In the third embodiment, there is provided a rotating torque detecting means for detecting a rotating torque required when the vibration wave motor is manually rotated from the outside without supplying a driving voltage to the vibration wave motor. . The drive control procedure of the vibration wave motor executed by the control circuit 21 in the third embodiment is different from that in the first embodiment.

FIG. 8 is a flowchart showing a drive control procedure of the vibration wave motor which is executed in advance by the control circuit 21 when the vibration wave motor is rotated from the outside in the third embodiment.

When the vibration wave motor is manually rotated from the outside without supplying a driving voltage to the vibration wave motor for the purpose of adjusting the position or the like of a member rotated and moved by the vibration wave motor, When starting to move, the manually required rotational torque is greatest due to the static friction. Once moving, only the kinetic friction is required, so the required rotational torque is very small. Therefore, in order to easily move the vibration wave motor when the vibration wave motor is manually rotated from the outside, it is necessary to reduce the torque required to start the operation. The third embodiment has responded to such a request.

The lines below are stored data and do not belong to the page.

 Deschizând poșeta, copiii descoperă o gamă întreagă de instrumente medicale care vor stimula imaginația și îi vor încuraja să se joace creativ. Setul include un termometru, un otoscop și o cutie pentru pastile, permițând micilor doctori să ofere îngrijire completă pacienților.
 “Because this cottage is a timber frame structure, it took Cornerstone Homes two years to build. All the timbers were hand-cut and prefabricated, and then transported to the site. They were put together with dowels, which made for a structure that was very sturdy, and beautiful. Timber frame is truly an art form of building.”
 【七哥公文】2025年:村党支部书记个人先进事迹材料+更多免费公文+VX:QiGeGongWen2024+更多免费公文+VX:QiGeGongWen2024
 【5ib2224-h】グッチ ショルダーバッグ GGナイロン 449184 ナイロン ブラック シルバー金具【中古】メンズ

First, in step S11, when the vibration wave motor is to be manually rotated from the outside, a manual drive mode is set. Then, in step S12, the frequency of the pulse signal is set to a frequency at which the vibrating body reliably vibrates.

[0059] In step S13, the respective pulse signals of the A-phase and inverted A-phase only, as shown in a region t ₃₁ of FIG. 9 the oscillator 22 generates.

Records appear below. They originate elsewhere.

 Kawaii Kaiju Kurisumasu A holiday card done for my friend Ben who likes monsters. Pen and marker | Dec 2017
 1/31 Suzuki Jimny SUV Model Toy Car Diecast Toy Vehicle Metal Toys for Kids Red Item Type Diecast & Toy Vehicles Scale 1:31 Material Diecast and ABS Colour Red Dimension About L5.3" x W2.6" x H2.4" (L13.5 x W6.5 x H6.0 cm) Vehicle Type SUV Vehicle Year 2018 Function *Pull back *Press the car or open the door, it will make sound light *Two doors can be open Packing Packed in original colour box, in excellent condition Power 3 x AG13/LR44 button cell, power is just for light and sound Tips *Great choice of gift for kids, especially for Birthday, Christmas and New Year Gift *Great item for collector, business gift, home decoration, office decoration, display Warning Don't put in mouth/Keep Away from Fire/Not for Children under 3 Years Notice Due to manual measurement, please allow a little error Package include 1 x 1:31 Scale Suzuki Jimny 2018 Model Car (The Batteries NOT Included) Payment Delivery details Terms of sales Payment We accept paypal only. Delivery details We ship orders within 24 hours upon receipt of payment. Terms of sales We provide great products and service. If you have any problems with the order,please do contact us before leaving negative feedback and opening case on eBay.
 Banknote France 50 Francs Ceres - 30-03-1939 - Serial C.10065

FIG. 9 is a diagram showing a pulse signal output from the oscillator 22 in the third embodiment.

[0061] Such A-phase and inverted A-phase only vibrators each pulse signal is inputted generates a standing wave W ₃₁ shown in FIG. 10 (A).

FIG. 10 is a diagram showing a state of contact between a moving body and a vibrating body (hatched portion) as a stator. The moving object is
There is not a uniform contact state with the vibrating body, and there are a portion that is in contact and a portion that is not in contact.

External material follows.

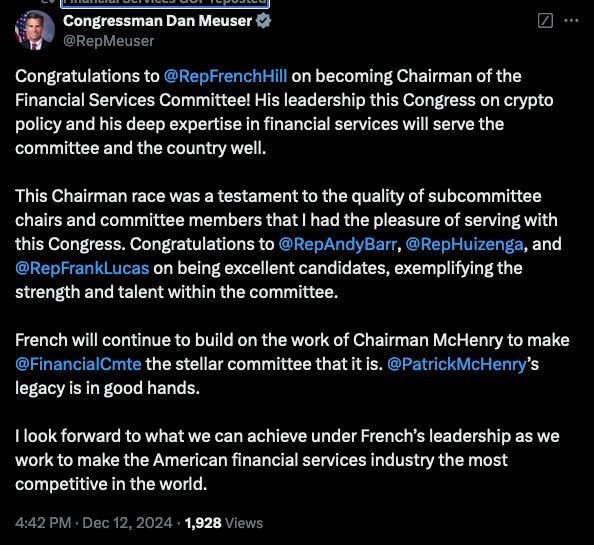 Rep. Patrick McHenry (R-NC) — Chair, Financial Services Committee

[0063] In a state where such standing waves W ₃₁ is generated, torque detecting means detects the rotational torque required when an attempt is made manually rotated the vibration wave motor from the outside.

[0064] In step S14, A-phase and inverted A-phase arrangement the oscillator 22 a each pulse signal of B phase and the inverted B-phase as shown in a region t ₃₂ in FIG. 9 is generated. These A-phase and inverted A-phase arrangement in B phase and inverted B-phase vibration body each pulse signal is inputted generates a standing wave W ₃₂ shown in FIG. 10 (B).

[0065] In a state where such standing waves W ₃₂ is generated, torque detecting means detects the rotational torque required when an attempt is made manually rotated the vibration wave motor from the outside.

[0066] In step S15, the respective pulse signals of only the B-phase and inverted B-phase as shown in a region t ₃₃ of FIG. 9 the oscillator 22 generates. Such B-phase and inverted B-phase only vibrators each pulse signal is inputted generates a standing wave W ₃₃ shown in FIG. 10 (C).

[0067] In a state where such standing waves W ₃₃ is generated, torque detecting means detects the rotational torque required when an attempt is made manually rotated the vibration wave motor from the outside.

[0068] In step S16, A-phase and inverted A-phase arrangement in B phase and inverted B oscillator 22 to the pulse signals of phase as shown in a region t ₃₄ in FIG. 9 is generated. These A-phase and inverted A-phase arrangement in B phase and inverted B-phase vibration body each pulse signal is inputted generates a standing wave W ₃₄ shown in FIG. 10 (D).

[0069] In a state where such standing waves W ₃₄ is generated, torque detecting means detects the rotational torque required when an attempt is made manually rotated the vibration wave motor from the outside.

Then, in step S17, the minimum required rotational torque among the required rotational torques detected in steps S13 to S16 is determined, and the standing wave generation state in which the required rotational torque is detected is selected. I do.

That is, for example, when the standing wave W ₃₃ as shown in FIG. 10C is generated, the maximum amplitude portion (abdomen) of the standing wave W ₃₃ is formed at the contact portion between the moving body and the vibrating body. Is highly likely to be located. In step S17, FIG.
Required rotational torque is detected to be the minimum when the standing wave W _33, as shown in (C) is generated.

Then, the selected standing wave generation state is continued (region t ₃₃ on the right side in FIG. 9), during which the vibration wave motor is manually rotated from the outside. When the rotation is completed, the generation of the standing wave is stopped (step S18).

Thus, in the manual drive mode, the vibration wave motor can be manually rotated from outside by a light load.

(Fourth Embodiment) In the fourth embodiment, a part of the control operation in the third embodiment is changed.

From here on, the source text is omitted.